1.8 KiB
Reference
Background material to dip into when your project pulls you toward something you don't yet know. None of it is required reading. The class is driven by your project; this folder exists so that when a project hits a wall, there's something concrete to point at.
There are two flavors of reference here, and they're meant to be used differently.
Tools and tech (hands-on)
Short, self-paced primers on the things you'll most often end up touching. Read them when you have a reason to, not before.
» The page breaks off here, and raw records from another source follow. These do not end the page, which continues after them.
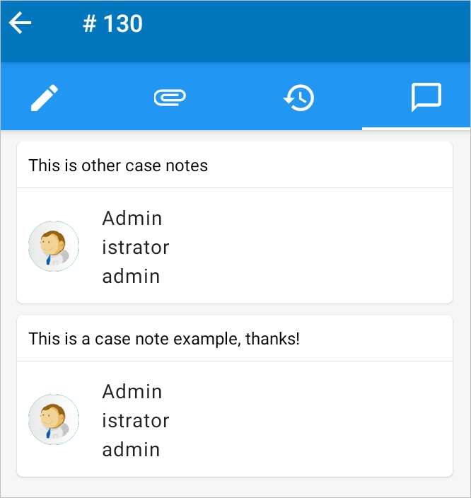 Each case note includes the note text, the people who wrote the note, the date and the time when the note was written.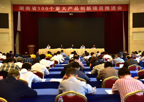2018年4月20日,湖南省100个重大产品创新项目推进会在长沙湖南宾馆召开。省经信委总工程师黄学工出席大会并做动员讲话,省发改委、省农委主管部门和省经信委相关处室负责人,各市州经信委科技工作负责人和110个重大产品创新项目承担企业负责人共170余人参加会议。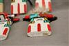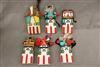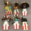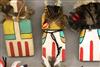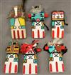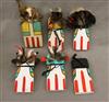 SIX SIGNED TED PUHUYESVA HOPI ARTIST SIGNED WUKOQOTE (BIG HEAD) CRADLE KACHINA DOLLS. Artist: TED PUHUYESVA. Six painted wooden Kachina dolls (or Katsina dolls) which are traditional ceremonial objects made by the Hopi people and other Pueblo tribes of the American Southwest, such as the Zuni and Tewa. They are representations of the Kachinas (spiritual beings who represent elements of the natural world, ancestors, or specific ceremonial figures) and are given to children (especially girls) as gifts to educate them about the spirit world and their religious traditions, not as actual toys. They are characterized by their simplified, blocky wooden bodies and heads, elaborate painting, and details like feathers, yarn, and natural fibers attached to the head.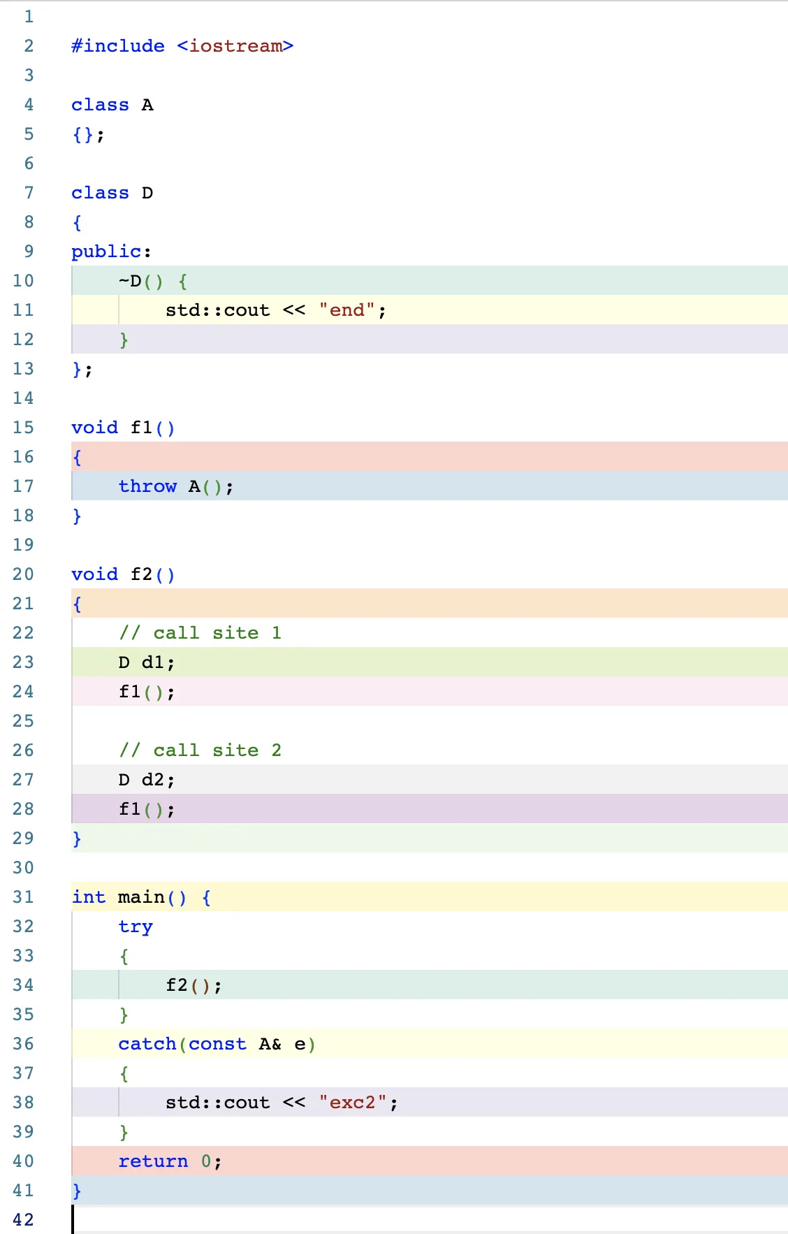위쪽의 f1() 함수에서 exception이 발생하면 d1의 소멸자를 호출해야하고,
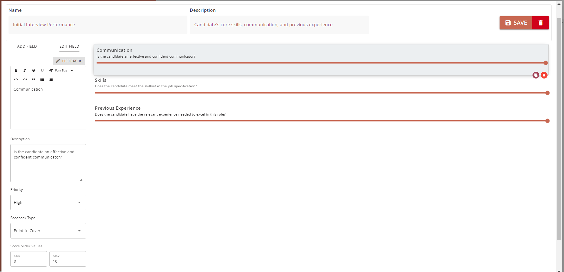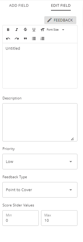 They can add fields for the feedback form by selecting ‘ADD FIELD’. All of the fields for a feedback form include a feedback slider where they can select the scale on which they will measure each feedback point. By default, the sliders are set at 0-10.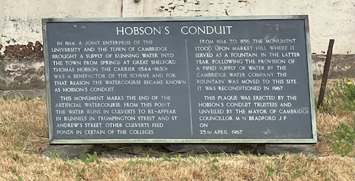 Read moreIn 1614, a joint enterprise of the University and the town of Cambridge brought a supply of running water into the town from springs at Great Shelford. Thomas Hobson, the carrier (1544-1630) was a benefactor of the scheme and for that reason, the watercourse became known as Hobsons Conduit.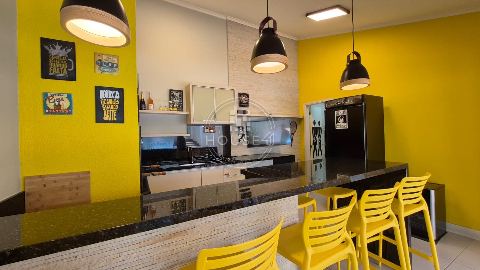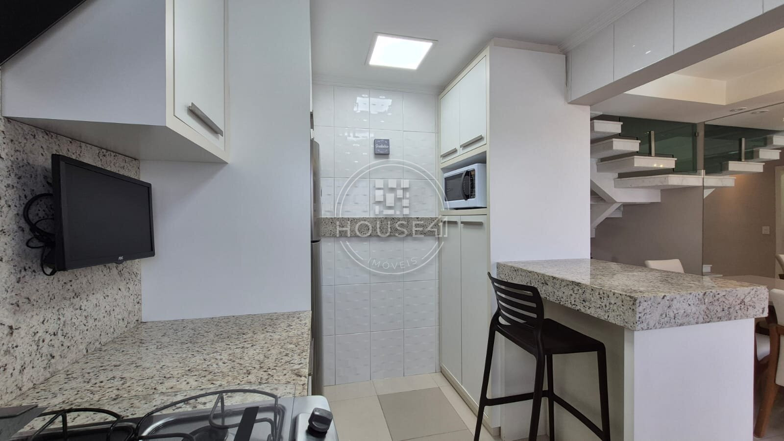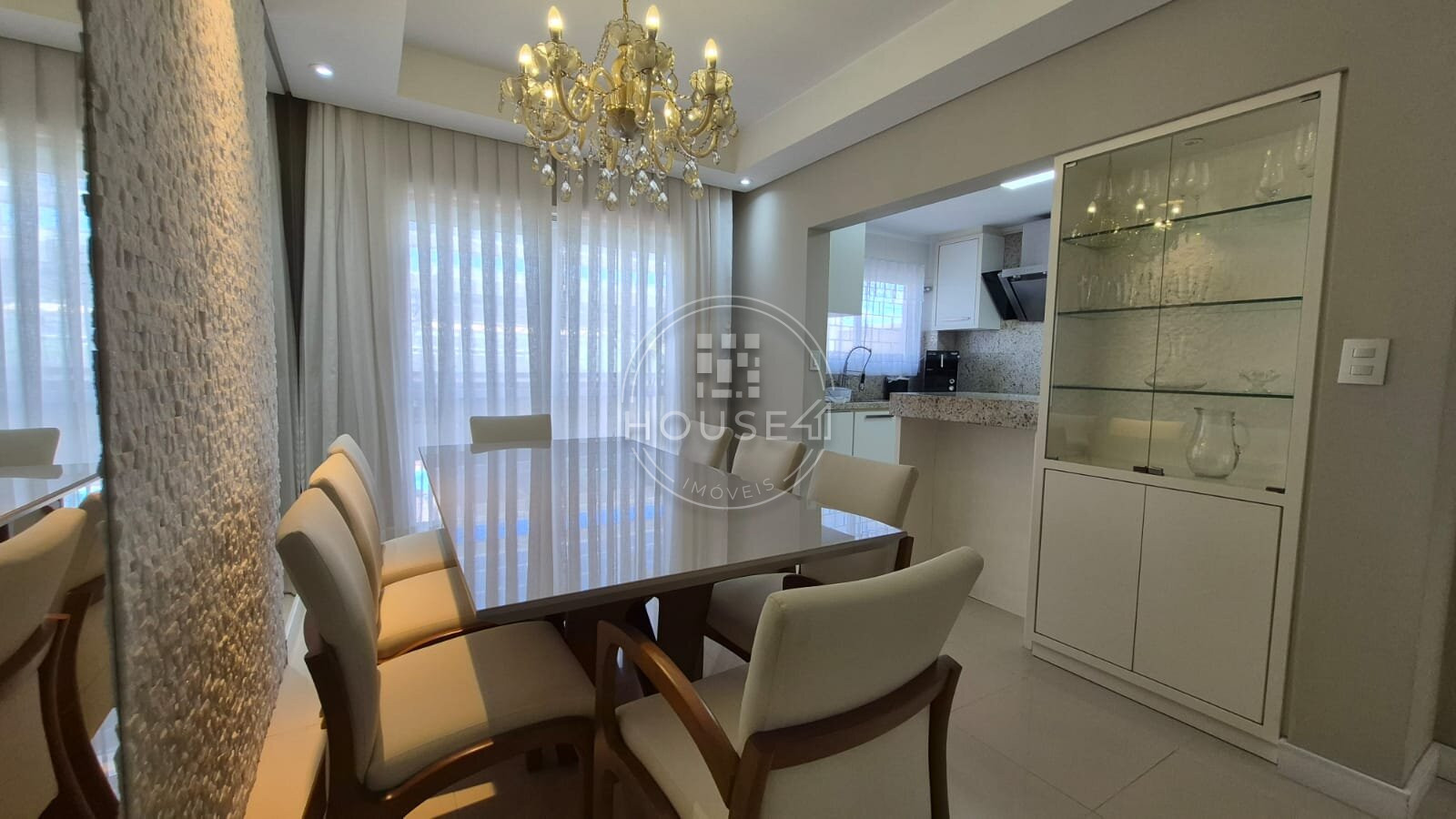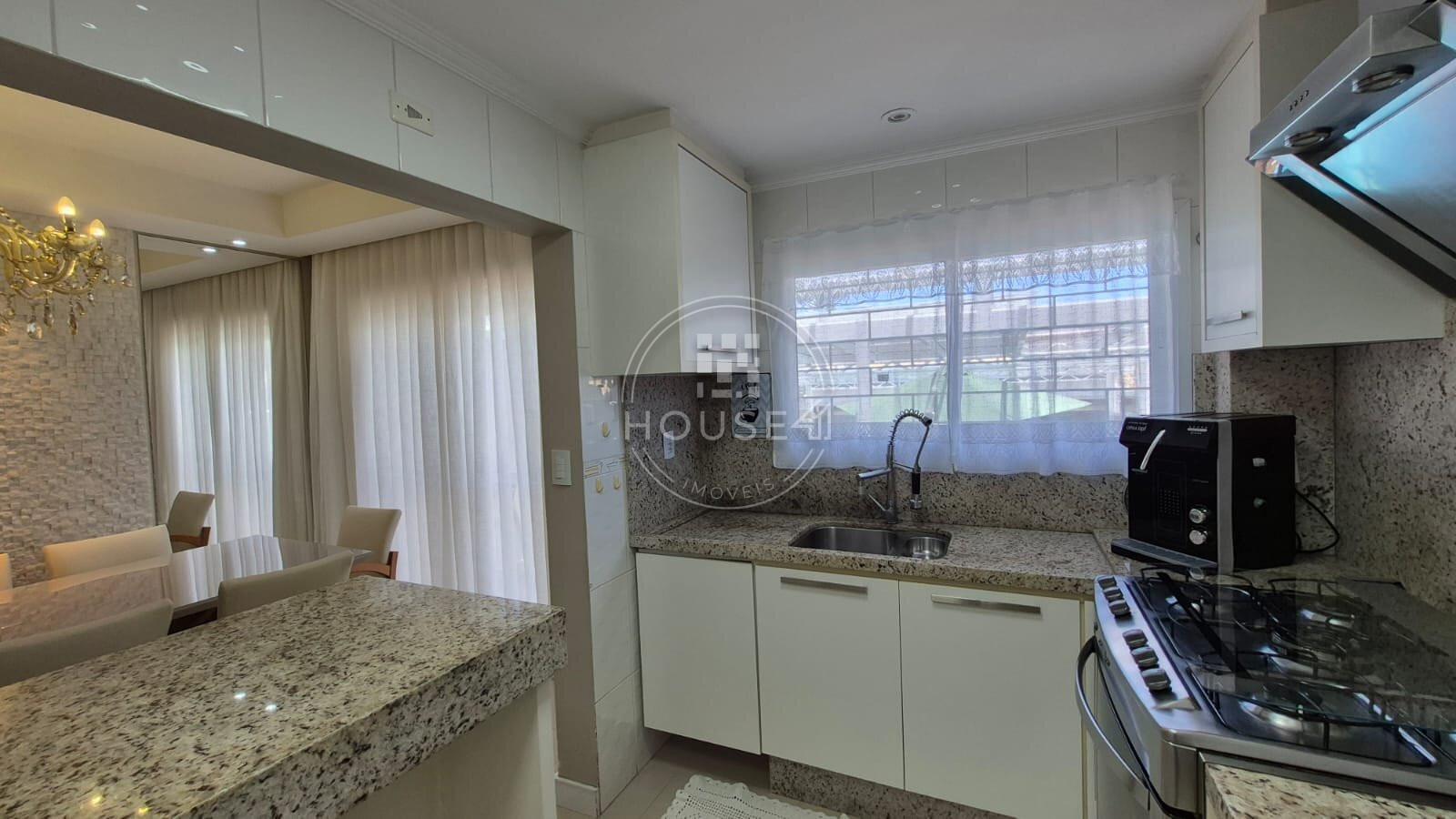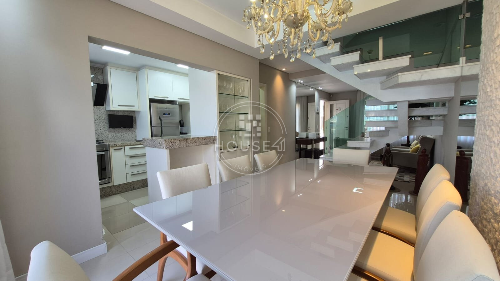 Cozinha e salas integradas, criando um ambiente acolhedor e funcional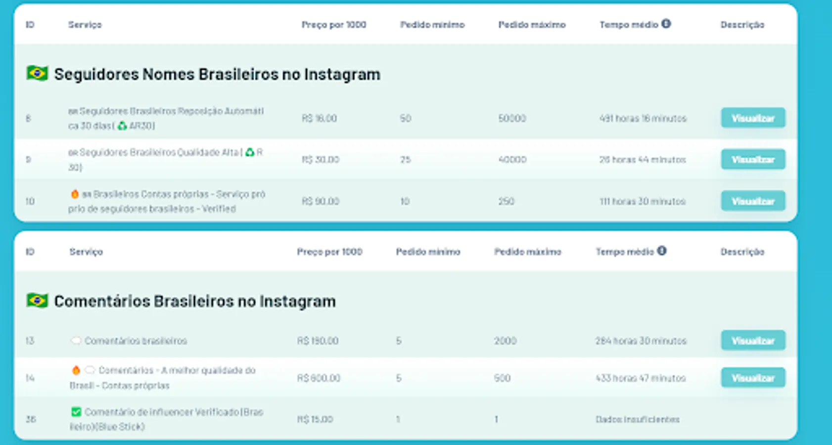 Our services are differentiated because we only work with Brazilian followers, and with replacement.

| Folder | What it covers |
|---|---|
python/ |
Python basics — enough to read and tweak the code AI writes for you |
git/ |
Tracking changes, undoing mistakes, working on more than one thing at once |
github/ |
Putting code somewhere others (or future-you) can find it |
huggingface/ |
Where most open-weight models live; how to grab one and use it |
pytorch/ |
The framework most modern models are written in |
docker/ |
Running other people's software without polluting your own machine |
More will appear here as projects surface the need for them.
Papers (reading)
A small, opinionated set of papers that, taken together, give you a feel for how we got here. Skim them, read the abstracts, or just look at the dates and the names — the trajectory matters more than any individual result.
See papers/.
How to use this folder
- Don't binge it. Reading reference material in the abstract is the slowest way to learn it. Wait until your project gives you a reason.
- Skim, then dive. Read the README of a topic before reading any of the lessons. You may find you only need one section.
- Ask AI as you go. These primers are starting points, not textbooks. If something doesn't click, paste the snippet at an AI and ask.